YOUR GOAL | Extract only the lines from the start of the entries below to the line with "春節(jié)前夕,云南省西", inclusive; omit every picture.

SUPPLIED RECORDS: Begin

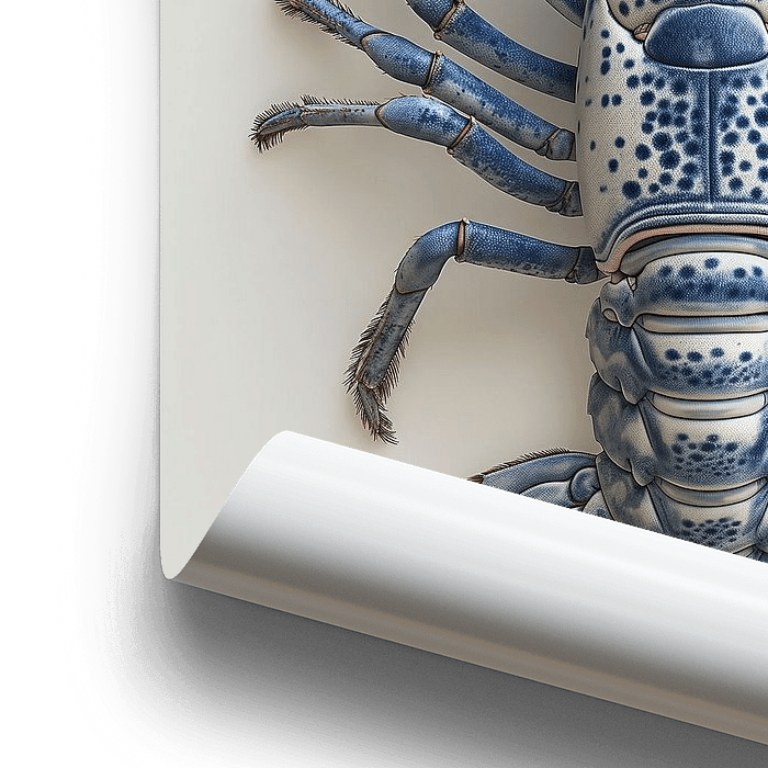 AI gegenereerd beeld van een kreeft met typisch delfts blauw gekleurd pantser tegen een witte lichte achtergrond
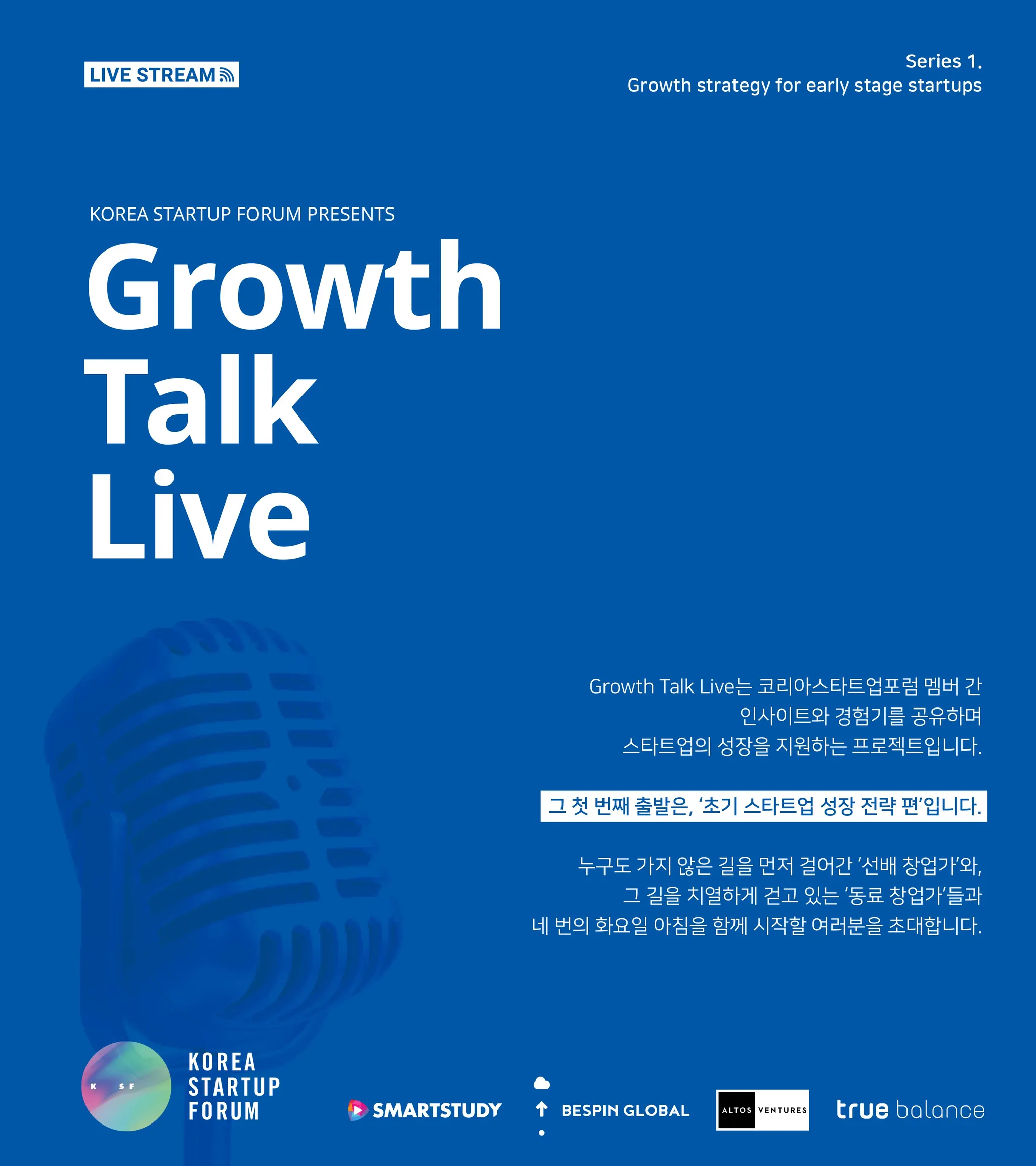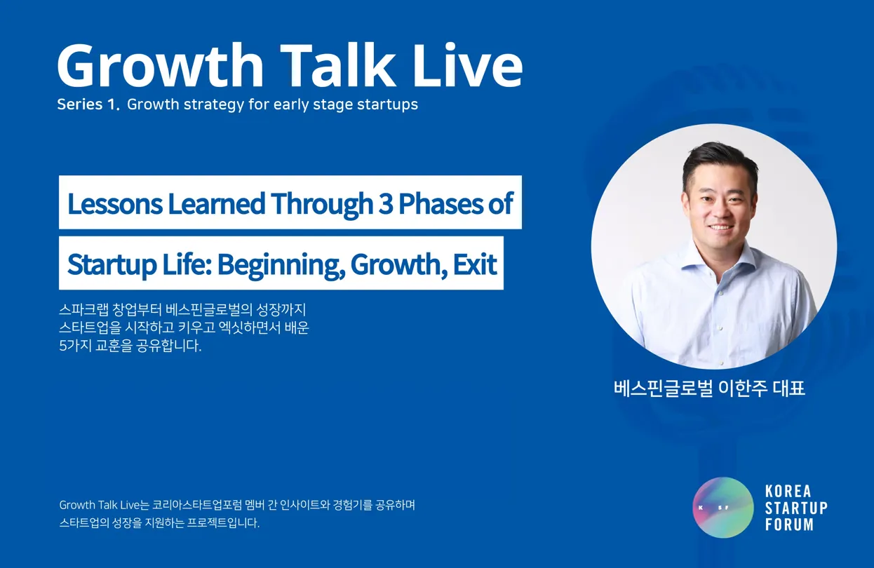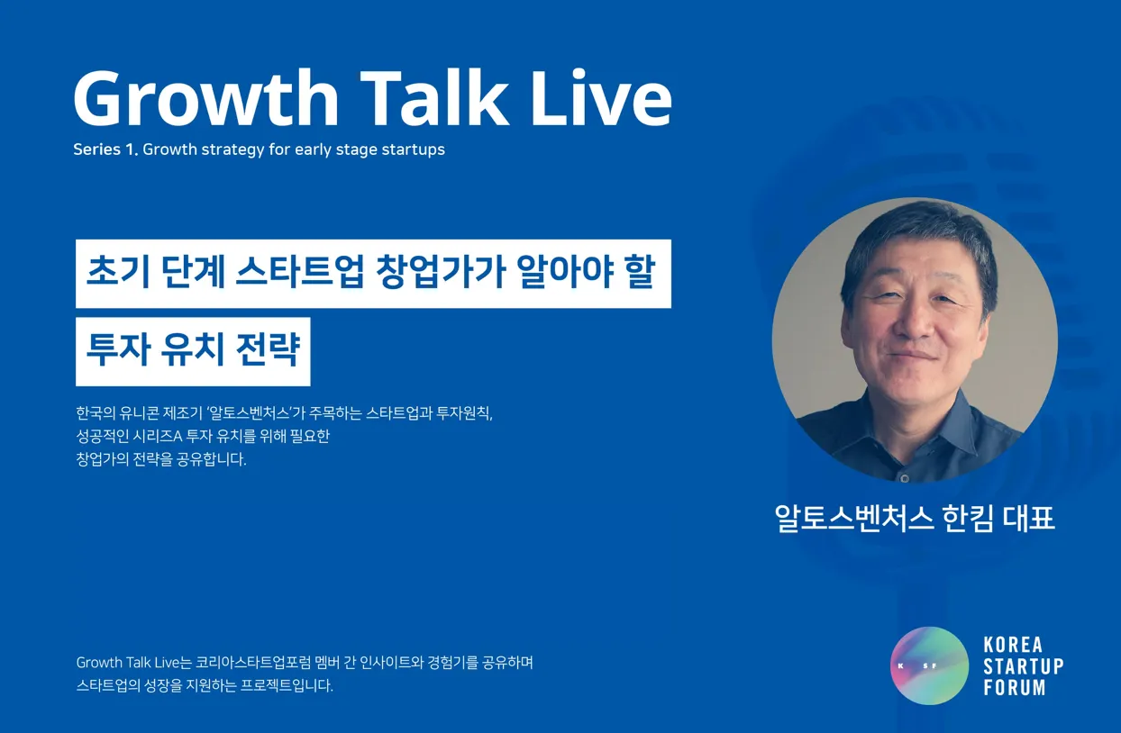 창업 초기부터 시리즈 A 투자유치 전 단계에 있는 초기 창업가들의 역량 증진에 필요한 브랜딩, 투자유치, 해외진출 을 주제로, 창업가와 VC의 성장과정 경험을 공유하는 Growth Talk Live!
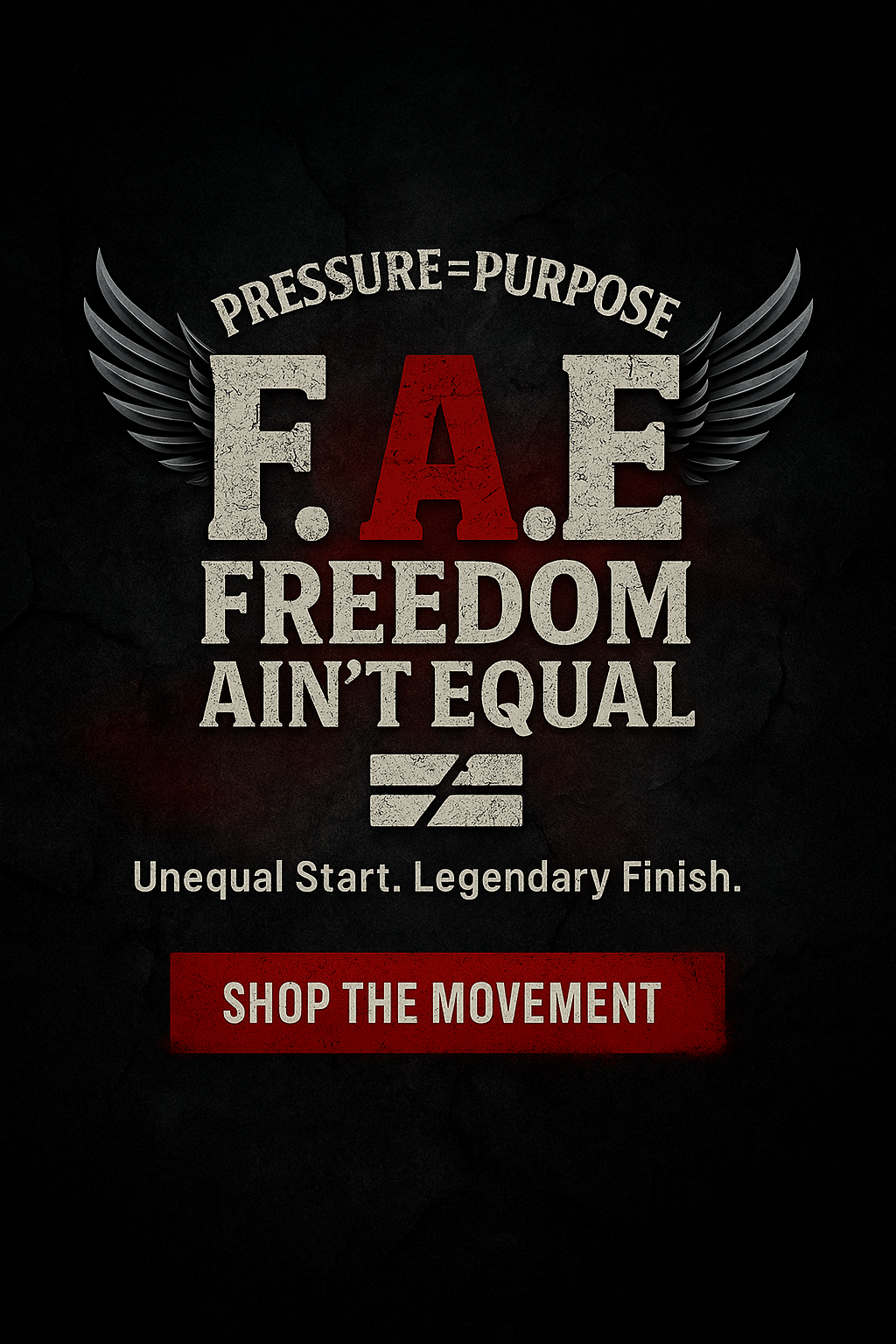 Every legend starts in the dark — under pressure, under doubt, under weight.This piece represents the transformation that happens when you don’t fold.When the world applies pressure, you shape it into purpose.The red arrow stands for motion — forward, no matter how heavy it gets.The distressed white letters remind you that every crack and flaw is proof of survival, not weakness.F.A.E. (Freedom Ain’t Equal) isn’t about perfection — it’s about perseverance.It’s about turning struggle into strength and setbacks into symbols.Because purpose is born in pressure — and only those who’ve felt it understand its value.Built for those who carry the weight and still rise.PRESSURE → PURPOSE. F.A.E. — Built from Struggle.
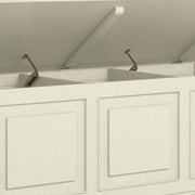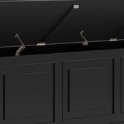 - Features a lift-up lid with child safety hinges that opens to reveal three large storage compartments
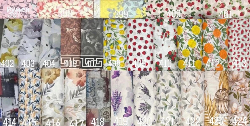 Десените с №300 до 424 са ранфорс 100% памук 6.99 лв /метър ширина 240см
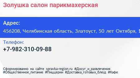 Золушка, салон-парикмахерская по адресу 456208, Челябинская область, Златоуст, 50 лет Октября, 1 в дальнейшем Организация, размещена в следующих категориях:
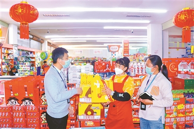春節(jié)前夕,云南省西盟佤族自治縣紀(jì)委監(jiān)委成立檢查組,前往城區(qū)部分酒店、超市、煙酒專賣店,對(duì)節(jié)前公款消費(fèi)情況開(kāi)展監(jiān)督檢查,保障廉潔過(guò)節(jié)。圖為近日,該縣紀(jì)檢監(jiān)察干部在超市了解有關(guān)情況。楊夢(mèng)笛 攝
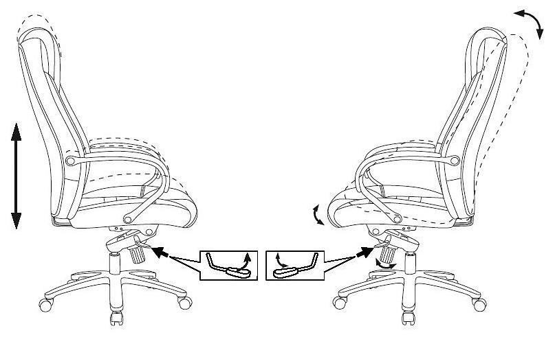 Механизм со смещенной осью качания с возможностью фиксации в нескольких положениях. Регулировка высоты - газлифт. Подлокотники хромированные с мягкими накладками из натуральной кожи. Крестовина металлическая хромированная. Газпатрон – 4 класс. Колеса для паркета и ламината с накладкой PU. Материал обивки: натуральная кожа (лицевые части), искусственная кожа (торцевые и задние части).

SUPPLIED RECORDS: End

RESULT OF THE EXERCISE |
 AI gegenereerd beeld van een kreeft met typisch delfts blauw gekleurd pantser tegen een witte lichte achtergrond
 창업 초기부터 시리즈 A 투자유치 전 단계에 있는 초기 창업가들의 역량 증진에 필요한 브랜딩, 투자유치, 해외진출 을 주제로, 창업가와 VC의 성장과정 경험을 공유하는 Growth Talk Live!
 Every legend starts in the dark — under pressure, under doubt, under weight.This piece represents the transformation that happens when you don’t fold.When the world applies pressure, you shape it into purpose.The red arrow stands for motion — forward, no matter how heavy it gets.The distressed white letters remind you that every crack and flaw is proof of survival, not weakness.F.A.E. (Freedom Ain’t Equal) isn’t about perfection — it’s about perseverance.It’s about turning struggle into strength and setbacks into symbols.Because purpose is born in pressure — and only those who’ve felt it understand its value.Built for those who carry the weight and still rise.PRESSURE → PURPOSE. F.A.E. — Built from Struggle.
 - Features a lift-up lid with child safety hinges that opens to reveal three large storage compartments
 Десените с №300 до 424 са ранфорс 100% памук 6.99 лв /метър ширина 240см
 Золушка, салон-парикмахерская по адресу 456208, Челябинская область, Златоуст, 50 лет Октября, 1 в дальнейшем Организация, размещена в следующих категориях:
春節(jié)前夕,云南省西盟佤族自治縣紀(jì)委監(jiān)委成立檢查組,前往城區(qū)部分酒店、超市、煙酒專賣店,對(duì)節(jié)前公款消費(fèi)情況開(kāi)展監(jiān)督檢查,保障廉潔過(guò)節(jié)。圖為近日,該縣紀(jì)檢監(jiān)察干部在超市了解有關(guān)情況。楊夢(mèng)笛 攝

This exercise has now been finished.